# [Records supplied]
================================
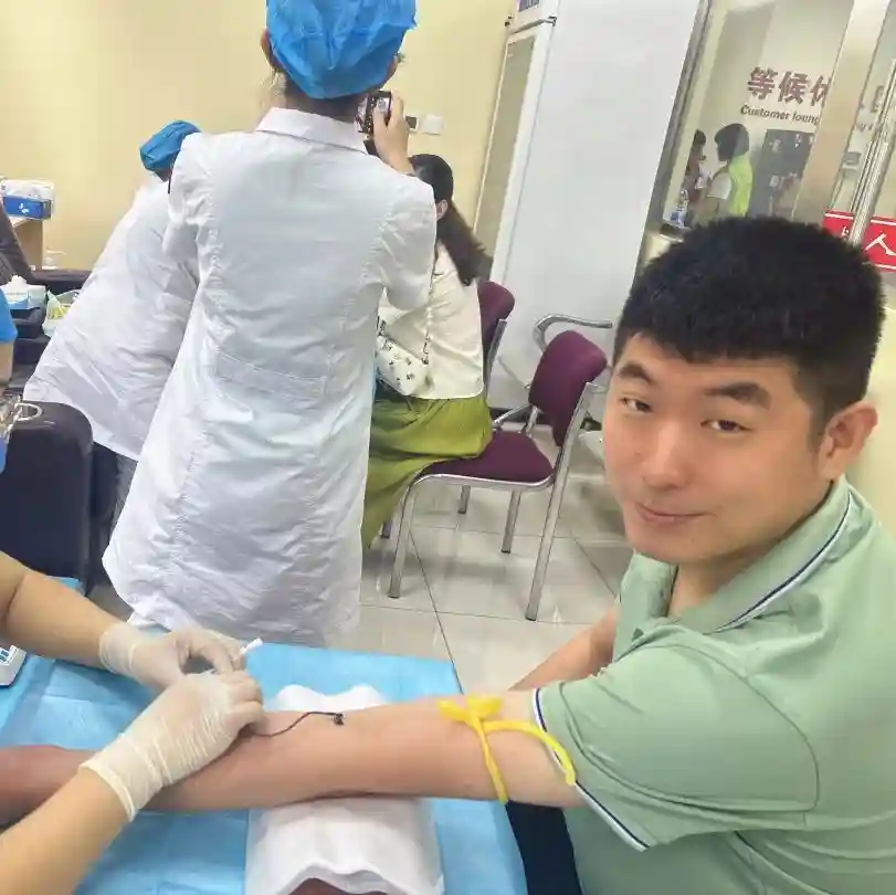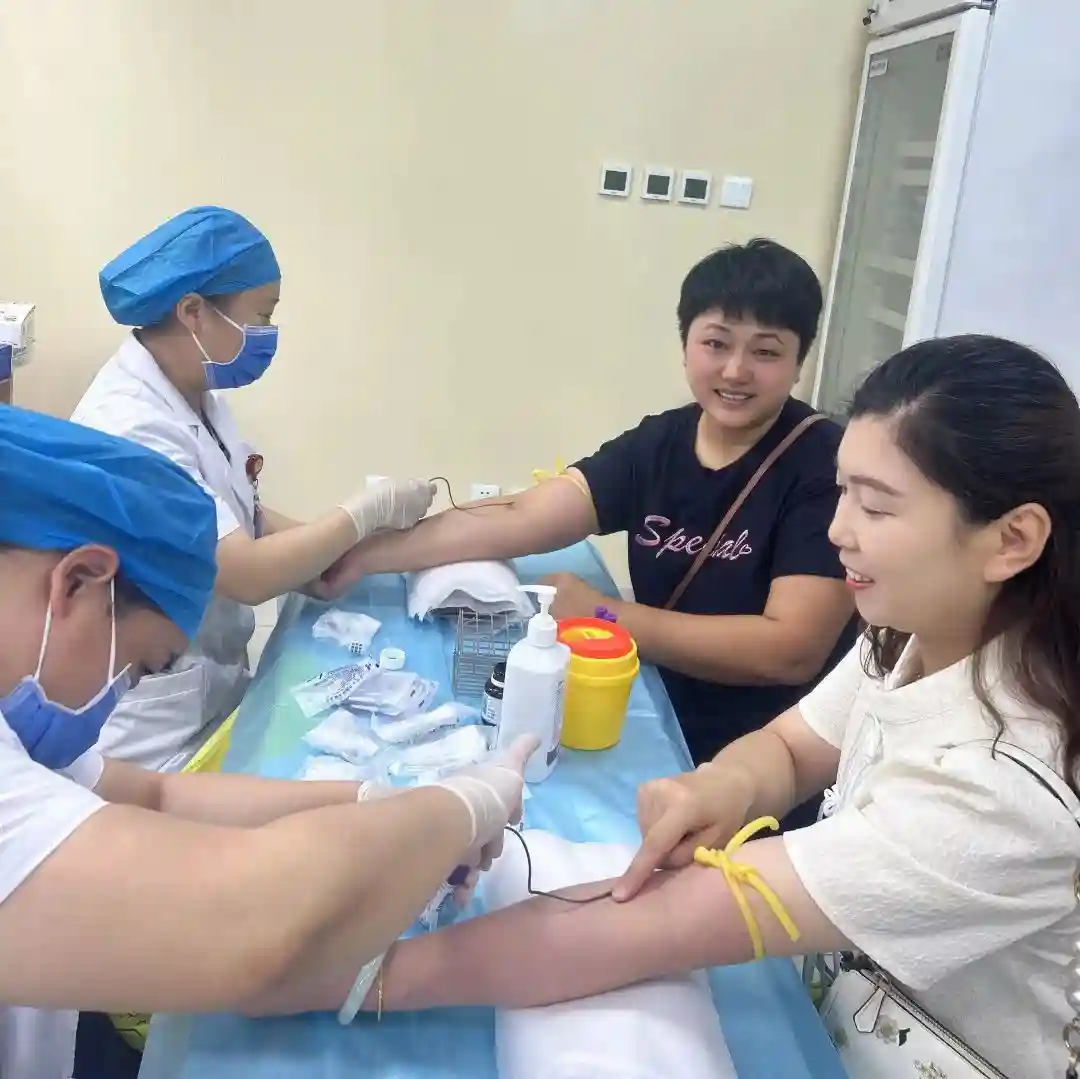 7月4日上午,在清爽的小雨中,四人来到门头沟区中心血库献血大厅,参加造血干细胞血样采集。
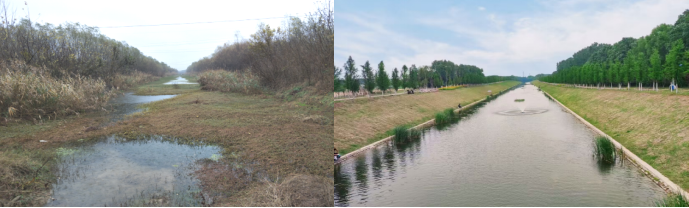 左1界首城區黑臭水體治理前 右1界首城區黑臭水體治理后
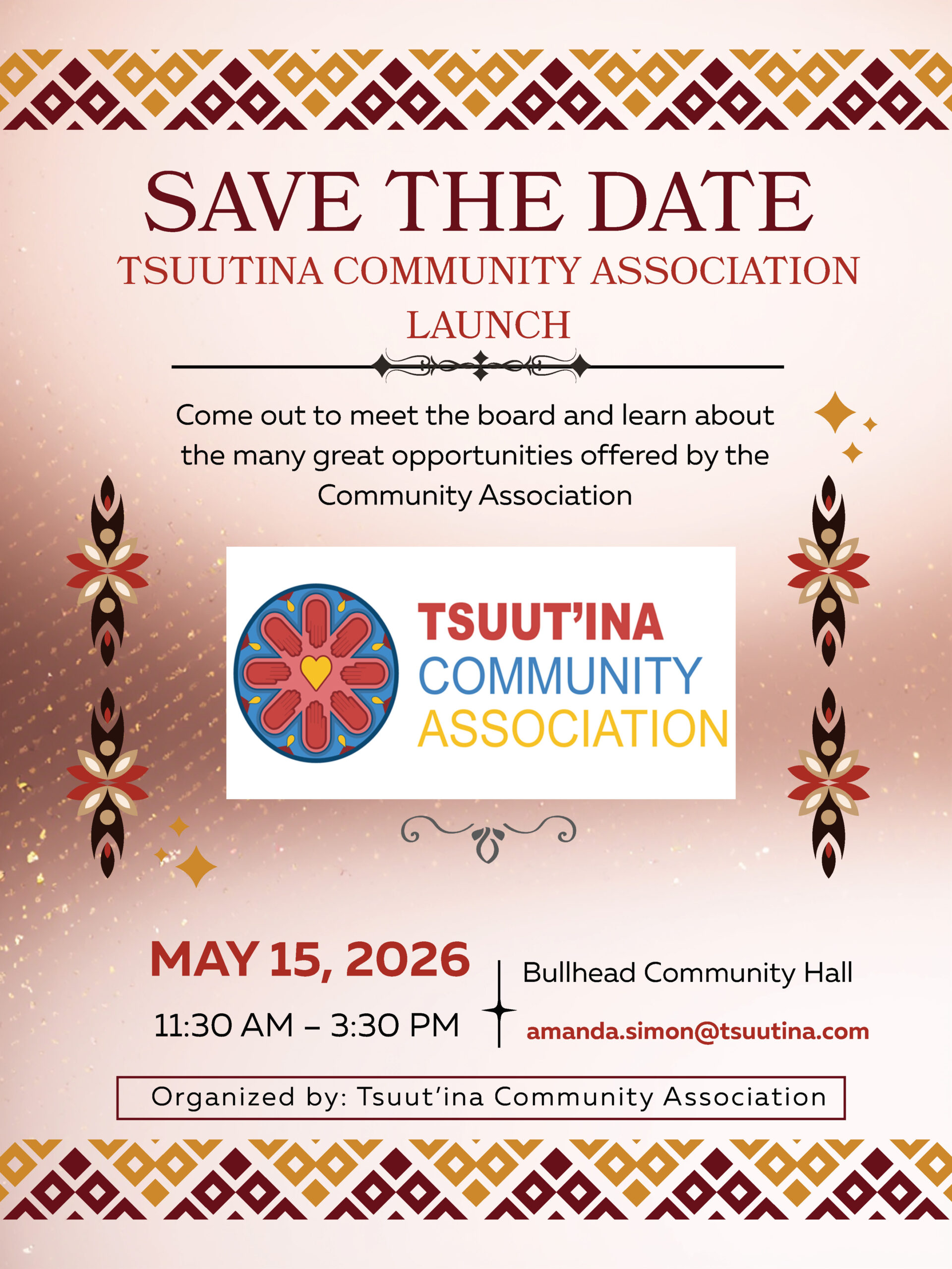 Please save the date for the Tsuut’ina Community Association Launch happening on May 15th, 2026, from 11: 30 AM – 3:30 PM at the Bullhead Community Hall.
================================
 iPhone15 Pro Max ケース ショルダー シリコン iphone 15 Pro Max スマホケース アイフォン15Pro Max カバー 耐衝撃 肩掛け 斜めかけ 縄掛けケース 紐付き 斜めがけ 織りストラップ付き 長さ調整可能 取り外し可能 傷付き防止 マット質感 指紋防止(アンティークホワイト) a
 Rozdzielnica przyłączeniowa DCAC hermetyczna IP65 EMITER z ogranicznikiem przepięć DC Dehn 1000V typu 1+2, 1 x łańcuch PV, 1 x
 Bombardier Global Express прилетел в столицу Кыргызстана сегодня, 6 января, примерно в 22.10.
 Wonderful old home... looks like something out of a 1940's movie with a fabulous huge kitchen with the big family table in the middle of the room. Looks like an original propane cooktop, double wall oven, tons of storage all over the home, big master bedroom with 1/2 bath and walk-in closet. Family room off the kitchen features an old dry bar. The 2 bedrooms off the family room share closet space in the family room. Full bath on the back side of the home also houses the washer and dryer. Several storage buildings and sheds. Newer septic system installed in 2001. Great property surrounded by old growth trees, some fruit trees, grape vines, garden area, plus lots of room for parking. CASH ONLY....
================================
# [Required work]
In the entries above, please find the line with "iPhone15 Pro Max" and the line with "Rozdzielnica przyłączeniowa DCAC", then write out exactly those two lines and every line between them, and nothing more.

# [Answer box]
 iPhone15 Pro Max ケース ショルダー シリコン iphone 15 Pro Max スマホケース アイフォン15Pro Max カバー 耐衝撃 肩掛け 斜めかけ 縄掛けケース 紐付き 斜めがけ 織りストラップ付き 長さ調整可能 取り外し可能 傷付き防止 マット質感 指紋防止(アンティークホワイト) a
 Rozdzielnica przyłączeniowa DCAC hermetyczna IP65 EMITER z ogranicznikiem przepięć DC Dehn 1000V typu 1+2, 1 x łańcuch PV, 1 x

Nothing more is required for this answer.